Elastic Fantastic: Excelian's review of Elastic{ON} Tour London

Excelian logo Elastic{ON}Tour was a sell-out Elastic user conference held in London on November 3, 2015. It represents the largest gathering of Elasticsearch, Logstash and Kibana expertise all in one room. This year I was delighted to be asked to present at the show and, in particular, the results of a recent successful grid project which uses Elasticsearch functionality. 

In this particular project we were tasked with creating a Grid reporting framework for one of the large investment banks. The project used Elasticsearch, Logstash, and Kibana to store and provide analytics on grid performance, capacity, logs, and so forth. It was a very successful project for Excelian and had fantastic feedback from the client. I believe one of the reasons for the success of this project was the close relationships that developed between Excelian and some of the Elastic engineers. They were able to optimise the setup but were also on hand to troubleshoot any issues that arose. When I conveyed the feedback to Elastic they were delighted and that is when they invited me to present at  Elastic{ON} Tour.

Elastic{ON}Tour was a fantastic and genuinely inspiring event. From a personal perspective, I managed to meet up with various users within the Elasticsearch community and discovered many interesting use cases for Elasticsearch. I already knew that many large organisations such as Netflix, Facebook, Microsoft, and Cisco are using Elasticsearch for building out their search capabilities within the organisation. However, it was also really interesting to learn about some of the more unusual use cases. I wasn’t previously aware that NASA uses Elasticsearch to store and analyse data sent back from the Mars Curiosity Rover, or how the Victoria and Albert Museum plans to use Elasticsearch to analyse visitor data to determine how they could optimise the placement of their artifacts within the museum.

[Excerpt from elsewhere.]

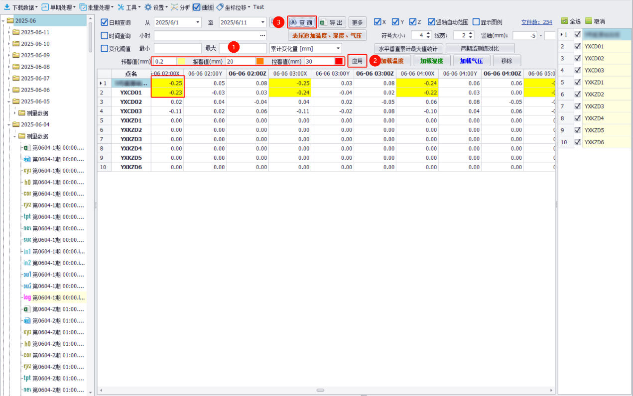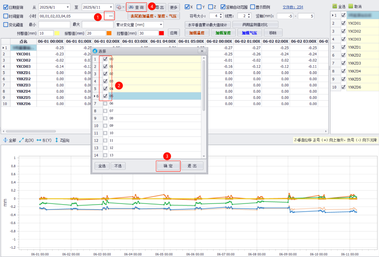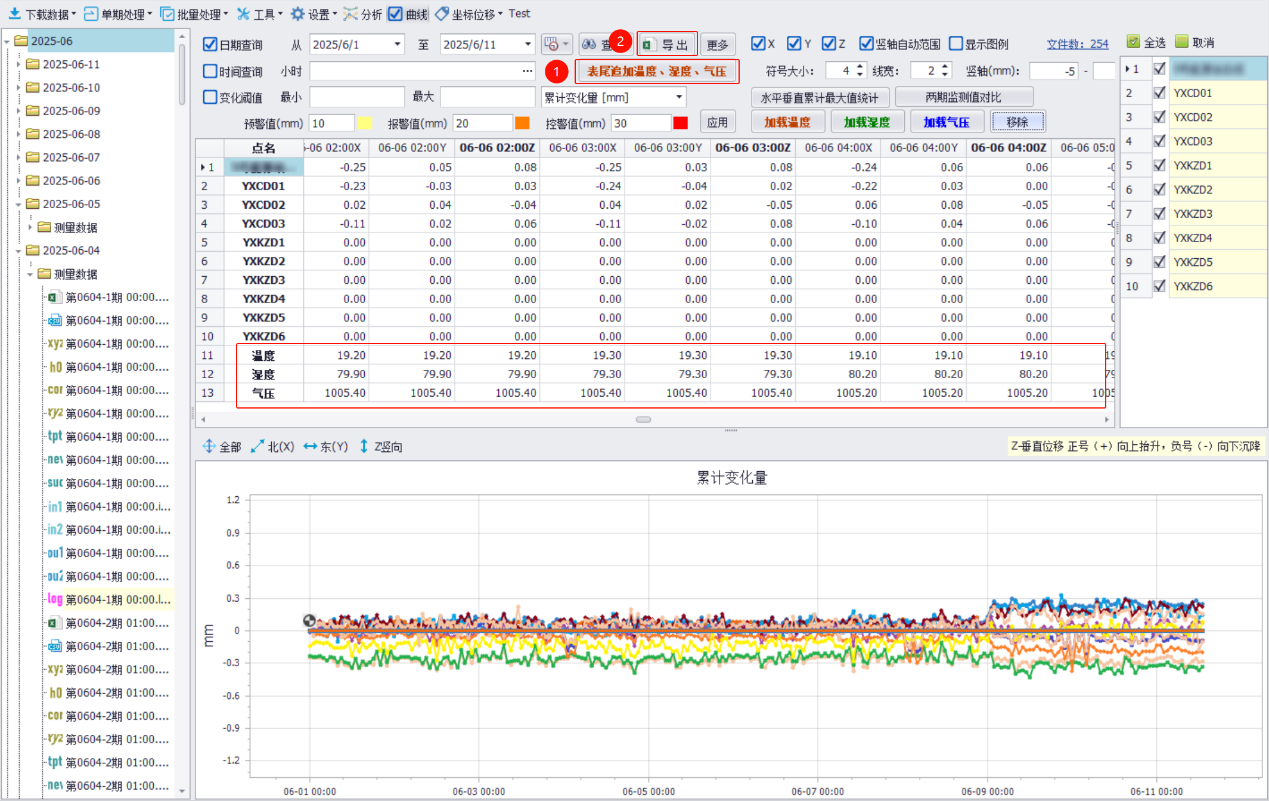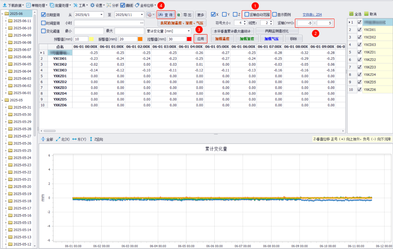 系统支持累计变化量、本次变化量、观测坐标选择浏览,如图:

The event was very well structured. The morning of the conference was focused on the Elastic roadmap and introducing the new features of Elasticsearch 2.0, Kibana 4.2, Beats, Watcher, and Found. A nice little insight into the creation of Elasticsearch was revealed when Shay Banon (the creator of ElasticSearch) began his keynote speech by explaining how he created Elasticsearch in order to create a tool for his wife to search for cooking recipes!

The later part of the day was more focused on real life user stories and how they use Elasticsearch within their organisation. Graham Tackley from The Guardian gave us a walkthrough of the tools they have built with the Elasticsearch stack to do real-time media analytics that can process up to 40 million documents a day. There were also two presentations from Goldman Sachs on how they utilise Elasticsearch to build a Goldman Sachs search engine and also a firm-wide task list.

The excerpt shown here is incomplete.